Excerpts from a dataset
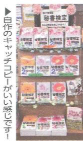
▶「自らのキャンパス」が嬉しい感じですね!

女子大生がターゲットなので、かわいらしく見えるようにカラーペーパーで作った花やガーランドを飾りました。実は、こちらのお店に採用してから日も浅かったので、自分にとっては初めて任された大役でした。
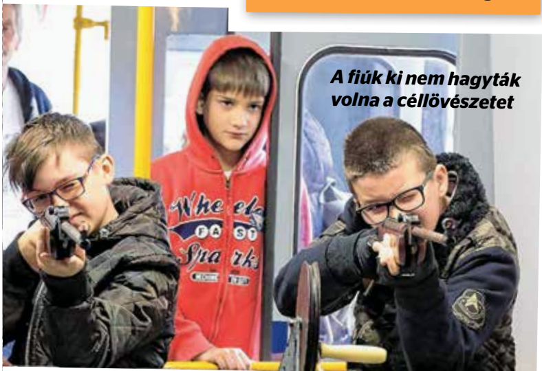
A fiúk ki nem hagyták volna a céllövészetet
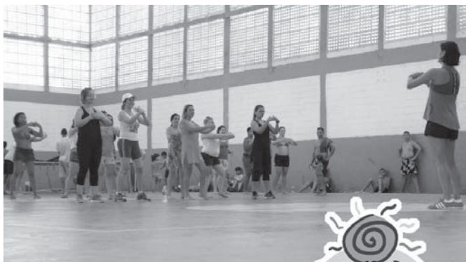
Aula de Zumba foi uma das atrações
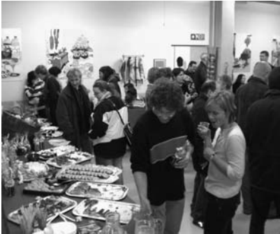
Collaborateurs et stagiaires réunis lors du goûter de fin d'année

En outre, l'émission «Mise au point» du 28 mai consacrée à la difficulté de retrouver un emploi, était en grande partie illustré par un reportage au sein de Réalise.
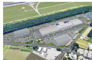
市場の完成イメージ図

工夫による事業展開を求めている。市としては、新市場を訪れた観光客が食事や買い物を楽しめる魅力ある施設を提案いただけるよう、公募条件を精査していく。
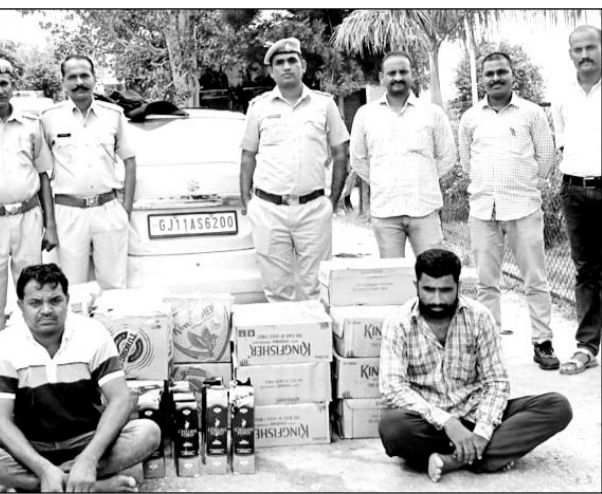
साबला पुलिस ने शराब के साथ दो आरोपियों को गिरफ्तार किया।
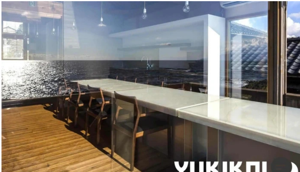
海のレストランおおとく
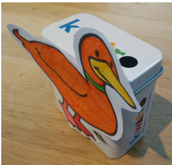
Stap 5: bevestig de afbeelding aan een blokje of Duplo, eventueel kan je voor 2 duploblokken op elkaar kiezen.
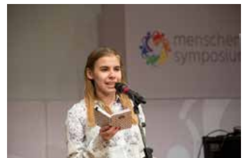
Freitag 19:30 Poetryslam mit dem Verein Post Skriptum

→ Task statement
Every record should be duplicated exactly, though any picture in it must be left out.

→ Task response
▶「自らのキャンパス」が嬉しい感じですね!

女子大生がターゲットなので、かわいらしく見えるようにカラーペーパーで作った花やガーランドを飾りました。実は、こちらのお店に採用してから日も浅かったので、自分にとっては初めて任された大役でした。
A fiúk ki nem hagyták volna a céllövészetet
Aula de Zumba foi uma das atrações
Collaborateurs et stagiaires réunis lors du goûter de fin d'année

En outre, l'émission «Mise au point» du 28 mai consacrée à la difficulté de retrouver un emploi, était en grande partie illustré par un reportage au sein de Réalise.
市場の完成イメージ図

工夫による事業展開を求めている。市としては、新市場を訪れた観光客が食事や買い物を楽しめる魅力ある施設を提案いただけるよう、公募条件を精査していく。
साबला पुलिस ने शराब के साथ दो आरोपियों को गिरफ्तार किया।
海のレストランおおとく
Stap 5: bevestig de afbeelding aan een blokje of Duplo, eventueel kan je voor 2 duploblokken op elkaar kiezen.
Freitag 19:30 Poetryslam mit dem Verein Post Skriptum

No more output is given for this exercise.